AU faults Fitch’s downgrade of Afreximbank

The African Peer Review Mechanism has criticised the recent downgrade of the African Export-Import Bank (Afreximbank) by global credit rating agency Fitch Ratings, describing the decision as flawed and legally unsound.

Fitch last week downgraded Afreximbank’s long-term issuer default rating from ‘BBB’ to ‘BBB-’ with a negative outlook, citing rising credit risks and concerns over the bank’s risk management practices.

Central to the downgrade was Fitch’s estimate that Afreximbank’s non-performing loans had reached 7.1%, surpassing the 6% high-risk threshold in its rating criteria.

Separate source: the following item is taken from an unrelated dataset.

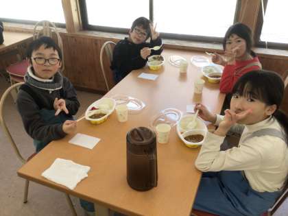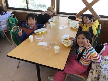 お昼ごはんはカレーライス。美味しいので、みんなおかわりしていっぱい食べました。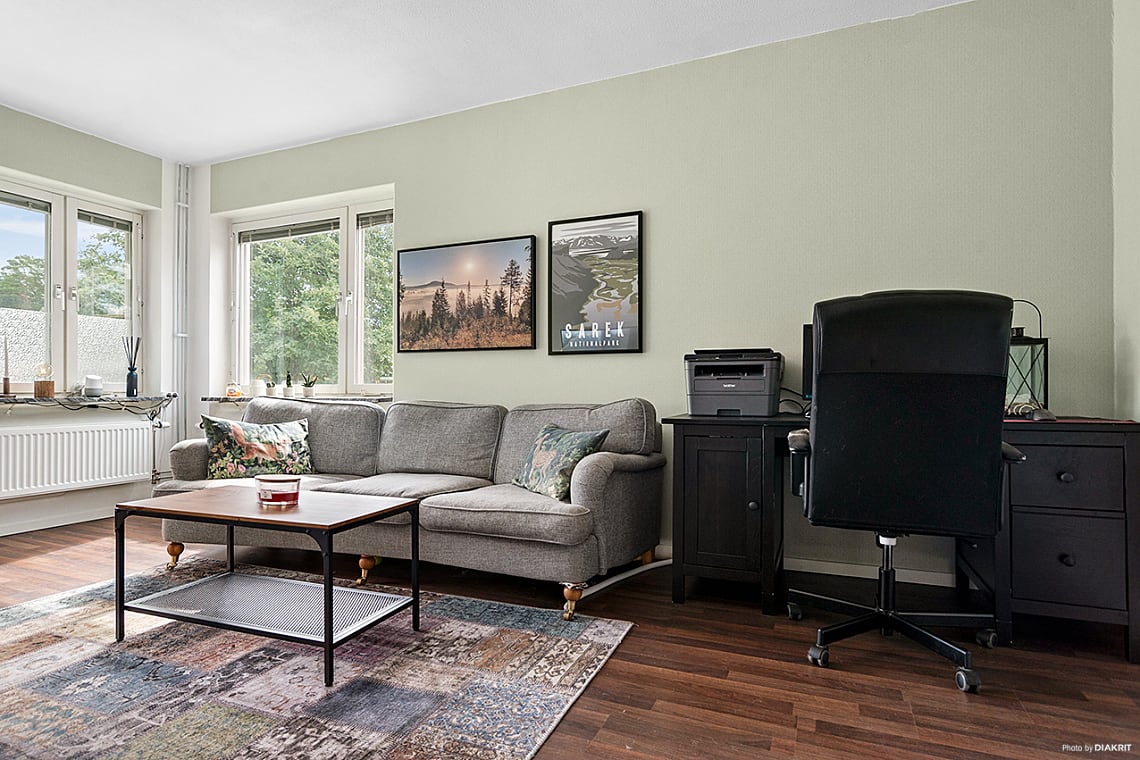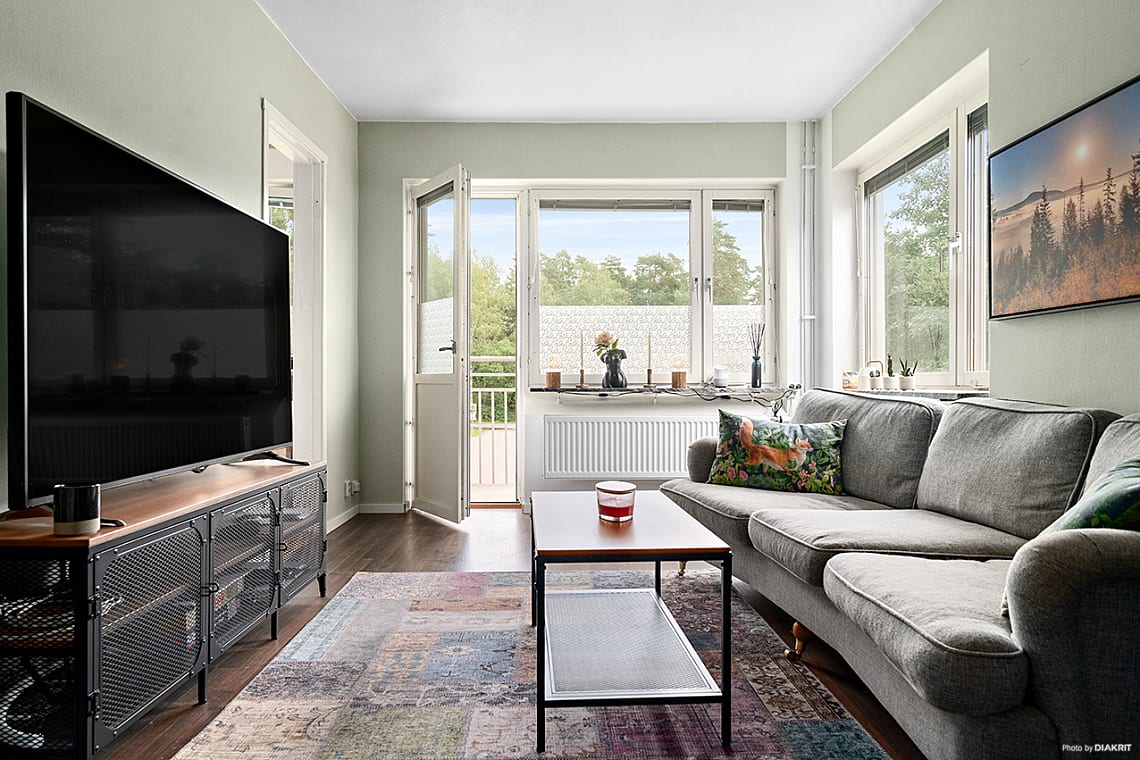 Ljust vardagsrum med stora fönsterpartier i vinkel och utgång till balkong. Rummets rymd ger plats för soffgrupp och tillhörande möbler.

However, in a statement released on Sunday, the APRM, an African Union agency that supports AU member states in governance self-monitoring and reviews strongly disputed Fitch’s methodology, particularly its classification of sovereign loans to Ghana, South Sudan, and Zambia as non-performing.

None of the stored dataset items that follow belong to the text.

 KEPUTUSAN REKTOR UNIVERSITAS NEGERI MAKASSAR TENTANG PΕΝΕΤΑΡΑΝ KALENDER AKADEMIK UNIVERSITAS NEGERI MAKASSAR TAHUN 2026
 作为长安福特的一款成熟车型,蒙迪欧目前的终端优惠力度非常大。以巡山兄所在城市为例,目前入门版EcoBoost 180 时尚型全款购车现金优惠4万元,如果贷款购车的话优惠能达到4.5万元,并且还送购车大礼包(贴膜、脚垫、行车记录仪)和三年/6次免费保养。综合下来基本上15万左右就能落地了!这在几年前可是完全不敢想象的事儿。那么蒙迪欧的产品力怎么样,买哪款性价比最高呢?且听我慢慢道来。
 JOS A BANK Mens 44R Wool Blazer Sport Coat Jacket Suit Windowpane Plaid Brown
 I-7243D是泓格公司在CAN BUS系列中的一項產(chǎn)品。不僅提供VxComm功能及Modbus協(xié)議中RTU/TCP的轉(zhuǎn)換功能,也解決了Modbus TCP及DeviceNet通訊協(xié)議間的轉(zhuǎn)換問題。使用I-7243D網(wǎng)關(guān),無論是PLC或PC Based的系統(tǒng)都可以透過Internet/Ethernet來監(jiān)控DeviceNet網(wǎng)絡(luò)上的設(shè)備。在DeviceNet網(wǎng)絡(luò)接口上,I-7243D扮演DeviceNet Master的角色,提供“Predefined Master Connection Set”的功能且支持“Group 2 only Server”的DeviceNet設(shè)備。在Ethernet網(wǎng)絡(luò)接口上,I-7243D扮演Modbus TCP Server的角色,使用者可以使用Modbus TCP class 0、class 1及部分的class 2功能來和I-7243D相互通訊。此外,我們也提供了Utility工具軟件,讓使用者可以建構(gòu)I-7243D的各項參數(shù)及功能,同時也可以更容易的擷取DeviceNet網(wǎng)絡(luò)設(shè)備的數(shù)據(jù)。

“This classification raises critical legal, institutional and analytical issues which the APRM strongly contests,” the statement read. “Fitch’s treatment is inconsistent with the 1993 Treaty establishing Afreximbank, to which Ghana and Zambia are both founding members and shareholders.”

According to the APRM, Fitch’s estimate significantly overstates risk compared to Afreximbank’s own reported NPL ratio of 2.44%. The agency said Fitch’s methodology failed to recognise the preferred creditor status and legal framework that governs loans between Afreximbank and its member states, one based on mutual cooperation, not typical market risk assumptions.

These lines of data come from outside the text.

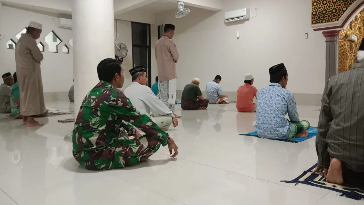 Selain melaksanakan ibadah bersama, Babinsa juga memanfaatkan momen tersebut untuk berkomunikasi langsung dengan warga terkait kondisi keamanan dan ketertiban lingkungan.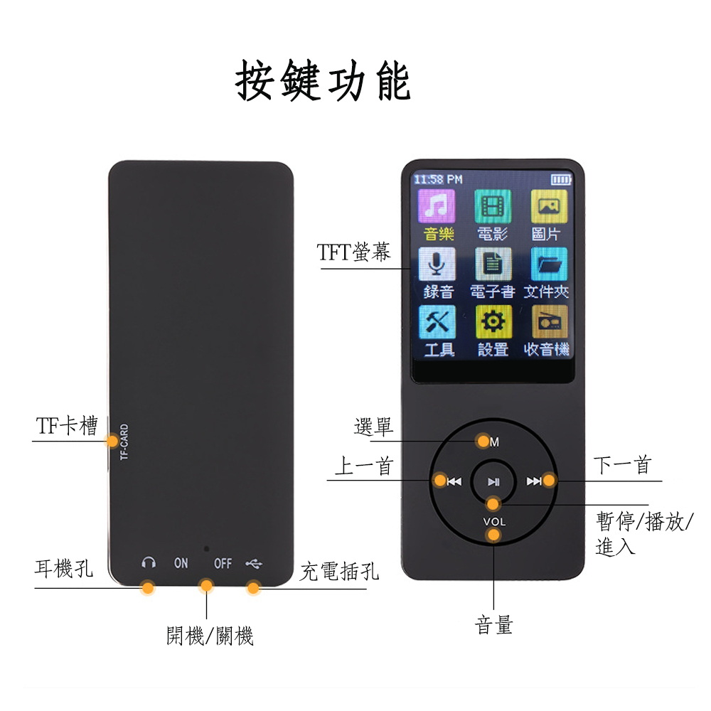 《商品介紹》音樂聽不累可看影片及照片1.8吋26萬色TFT螢幕高音質MP3音樂播放彩色照片及影片播放精美外殼,輕薄好攜帶支援TF卡插卡功能支援高品質音樂播放真正支援電影播放最高等級真正1.8吋大螢幕TFT屏26萬5000色彩色螢幕多種音效模式,讓您愛怎麼聽就怎麼聽電子相簿JPEG圖片瀏覽功能電子書TXT文字閱讀功能睡眠定時關機設置背光時間設置、省電模式設置、螢幕亮度設置最新全彩圖形化界面操作,方便易懂可設置在多長時間內無按鍵操作屏幕變黑(0~30秒)睡眠模式讓你可設定0~120分鐘省電功能讓你可設定 0~60 秒螢幕保護省電使用電源是內置高效能鋰電池《注意事項》本商品無內建記憶體,需外接插卡才可以使用音樂需MP3格式,影片須轉檔為AMV檔案格式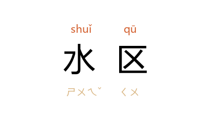引晋 左思 《吴都赋》:“开轩幌,镜水区。”南朝 宋 鲍照 《登庐山》诗:“悬装乱水区,薄旅次山楹。”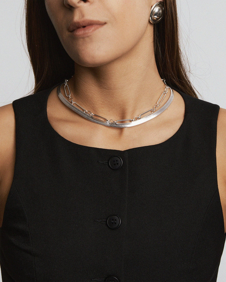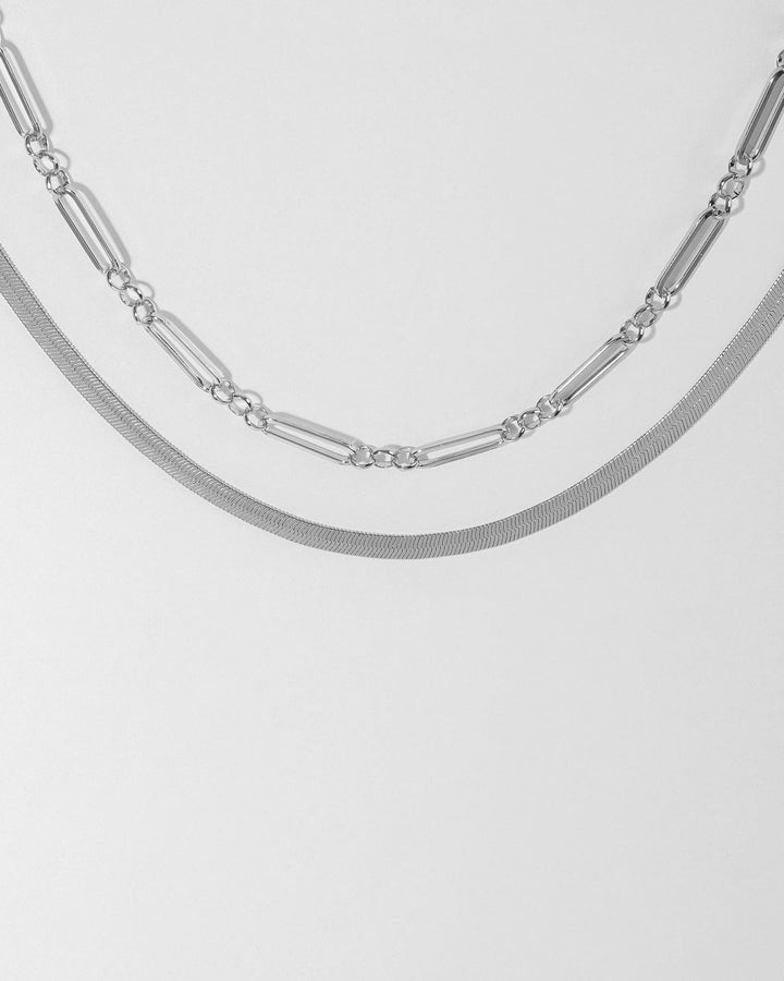 Silver Snake And Long Chain Necklace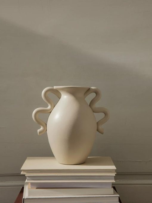 Recalling classic shapes from traditional pottery, the Verso Table Vase has an irregular, feminine form with a pair of distinct, artfully curved handles that add a modern twist to the otherwise timeless expression. Fill the vase with your favourite flora or let it make a beautiful statement all on its own.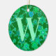 Ornament i ett modernt geometriskt snöflingor mönster - ljust grönt, isblått, kobolt och vitt, på djup grönt, med anpassade monogram brev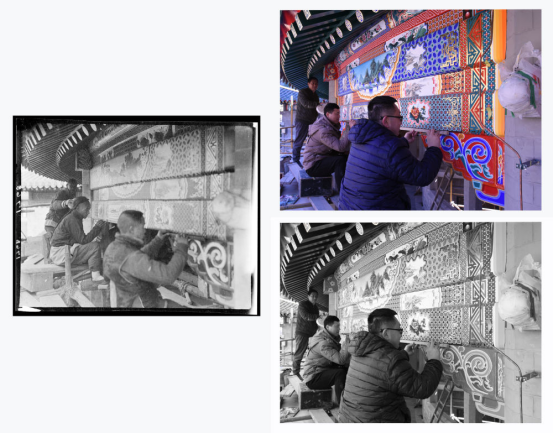 用一周時間徹底剝離一根存在安全隱患的電線;將修復(fù)后的彩畫照片調(diào)成黑白,和百年前圖片反復(fù)比對調(diào)整;歷時一年半研究恢復(fù)院門口石獅子的歷史位置……

“It is legally incongruent to classify loans to member states as non-performing when no formal default has occurred, and the borrower countries remain shareholders in the lender institution,” the APRM stated.

Fitch’s analysis had flagged exposures to Ghana (2.4%), South Sudan (2.1%), and Zambia (0.2%) as non-performing—assumptions the APRM argued were based merely on debt restructuring discussions, not on actual default or repudiation.
The APRM urged Fitch to re-evaluate its criteria and engage in technical consultations with African stakeholders, warning that flawed interpretations could damage the credibility of international ratings and unfairly penalise African institutions.

Despite the downgrade, Fitch’s commentary acknowledged several strengths of the bank. It maintained a “medium” business risk profile

Fitch also projected that these ratios would remain stable through 2027, with continued 10% annual growth and capital injections under a $2.6 billion capital increase programme approved in 2021.

In contrast to Fitch’s stance, China Chengxin International Credit Rating Co., Ltd (CCXI) earlier this year assigned Afreximbank an ‘AAA/Stable’ rating the highest possible citing its growing regional influence and solid financial foundation. This made Afreximbank the first African multilateral institution to receive a AAA rating from CCXI.

The bank has also revealed plans to access the Chinese Panda bond market in 2025, aiming to raise capital for deepening China-Africa trade and investment ties.